What to do:
Only the lines from the one containing "Profesjonalna i designerska" through the last line of the material should be copied, exactly as written and without pictures.

Material for this task:
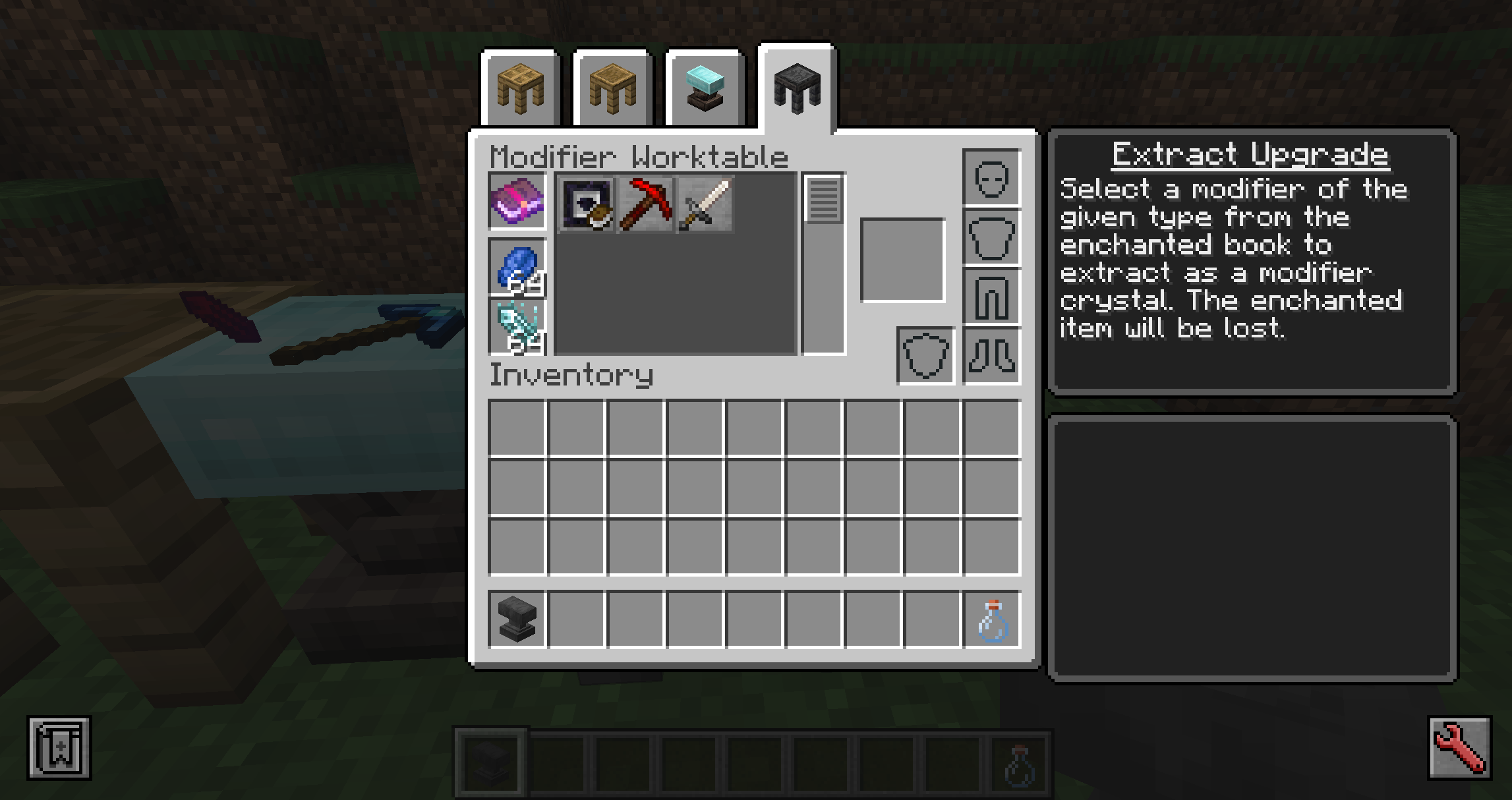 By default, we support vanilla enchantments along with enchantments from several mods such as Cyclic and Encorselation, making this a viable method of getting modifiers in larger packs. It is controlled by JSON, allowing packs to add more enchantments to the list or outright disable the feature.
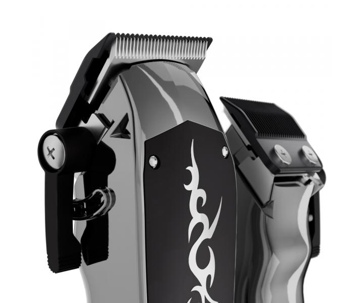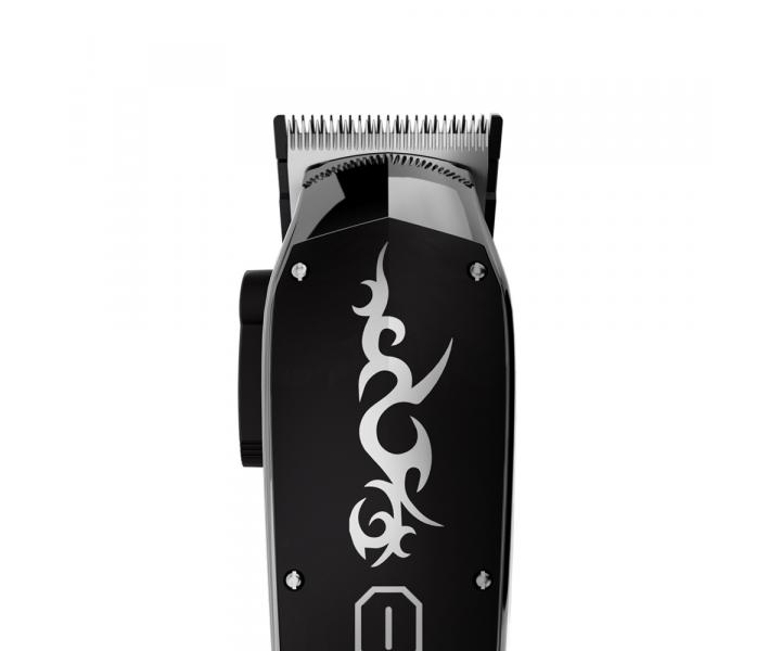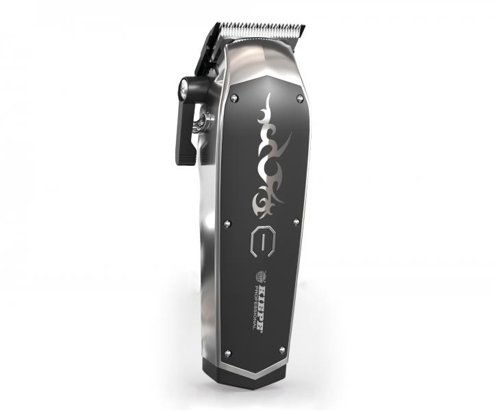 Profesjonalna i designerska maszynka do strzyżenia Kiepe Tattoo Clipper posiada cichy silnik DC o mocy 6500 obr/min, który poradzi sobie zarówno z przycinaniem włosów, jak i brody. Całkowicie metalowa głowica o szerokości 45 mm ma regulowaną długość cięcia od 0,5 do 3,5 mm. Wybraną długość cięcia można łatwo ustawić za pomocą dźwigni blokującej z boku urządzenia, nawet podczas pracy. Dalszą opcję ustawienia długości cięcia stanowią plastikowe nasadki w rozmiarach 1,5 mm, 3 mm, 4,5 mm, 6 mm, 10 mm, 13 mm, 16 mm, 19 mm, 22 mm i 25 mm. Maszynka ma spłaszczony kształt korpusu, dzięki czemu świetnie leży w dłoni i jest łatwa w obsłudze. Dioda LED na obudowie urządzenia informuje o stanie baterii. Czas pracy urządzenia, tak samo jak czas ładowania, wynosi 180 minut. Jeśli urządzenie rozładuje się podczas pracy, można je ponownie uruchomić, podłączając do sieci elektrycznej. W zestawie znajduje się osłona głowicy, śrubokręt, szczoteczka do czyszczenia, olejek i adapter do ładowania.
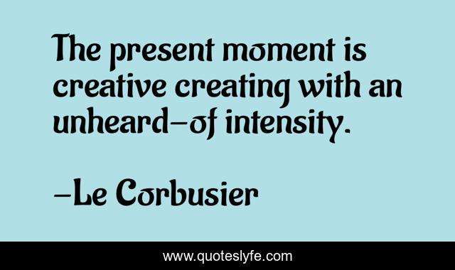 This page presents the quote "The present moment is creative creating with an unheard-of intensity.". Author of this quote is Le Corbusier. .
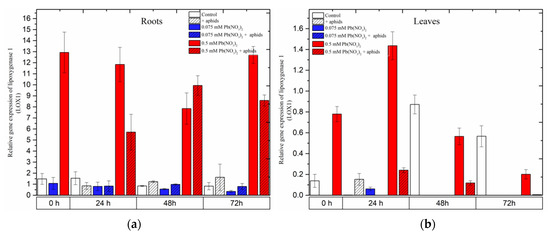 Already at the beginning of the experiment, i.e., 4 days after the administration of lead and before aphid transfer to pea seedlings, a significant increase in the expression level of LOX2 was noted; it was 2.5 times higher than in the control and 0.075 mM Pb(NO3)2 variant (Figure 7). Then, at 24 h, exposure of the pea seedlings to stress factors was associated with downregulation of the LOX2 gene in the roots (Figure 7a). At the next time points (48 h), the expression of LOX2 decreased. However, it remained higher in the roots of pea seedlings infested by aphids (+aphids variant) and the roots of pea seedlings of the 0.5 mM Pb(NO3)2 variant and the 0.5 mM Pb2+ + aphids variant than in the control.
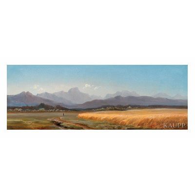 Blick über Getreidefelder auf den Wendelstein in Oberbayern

Solved problem:
 Profesjonalna i designerska maszynka do strzyżenia Kiepe Tattoo Clipper posiada cichy silnik DC o mocy 6500 obr/min, który poradzi sobie zarówno z przycinaniem włosów, jak i brody. Całkowicie metalowa głowica o szerokości 45 mm ma regulowaną długość cięcia od 0,5 do 3,5 mm. Wybraną długość cięcia można łatwo ustawić za pomocą dźwigni blokującej z boku urządzenia, nawet podczas pracy. Dalszą opcję ustawienia długości cięcia stanowią plastikowe nasadki w rozmiarach 1,5 mm, 3 mm, 4,5 mm, 6 mm, 10 mm, 13 mm, 16 mm, 19 mm, 22 mm i 25 mm. Maszynka ma spłaszczony kształt korpusu, dzięki czemu świetnie leży w dłoni i jest łatwa w obsłudze. Dioda LED na obudowie urządzenia informuje o stanie baterii. Czas pracy urządzenia, tak samo jak czas ładowania, wynosi 180 minut. Jeśli urządzenie rozładuje się podczas pracy, można je ponownie uruchomić, podłączając do sieci elektrycznej. W zestawie znajduje się osłona głowicy, śrubokręt, szczoteczka do czyszczenia, olejek i adapter do ładowania.
 This page presents the quote "The present moment is creative creating with an unheard-of intensity.". Author of this quote is Le Corbusier. .
 Already at the beginning of the experiment, i.e., 4 days after the administration of lead and before aphid transfer to pea seedlings, a significant increase in the expression level of LOX2 was noted; it was 2.5 times higher than in the control and 0.075 mM Pb(NO3)2 variant (Figure 7). Then, at 24 h, exposure of the pea seedlings to stress factors was associated with downregulation of the LOX2 gene in the roots (Figure 7a). At the next time points (48 h), the expression of LOX2 decreased. However, it remained higher in the roots of pea seedlings infested by aphids (+aphids variant) and the roots of pea seedlings of the 0.5 mM Pb(NO3)2 variant and the 0.5 mM Pb2+ + aphids variant than in the control.
 Blick über Getreidefelder auf den Wendelstein in Oberbayern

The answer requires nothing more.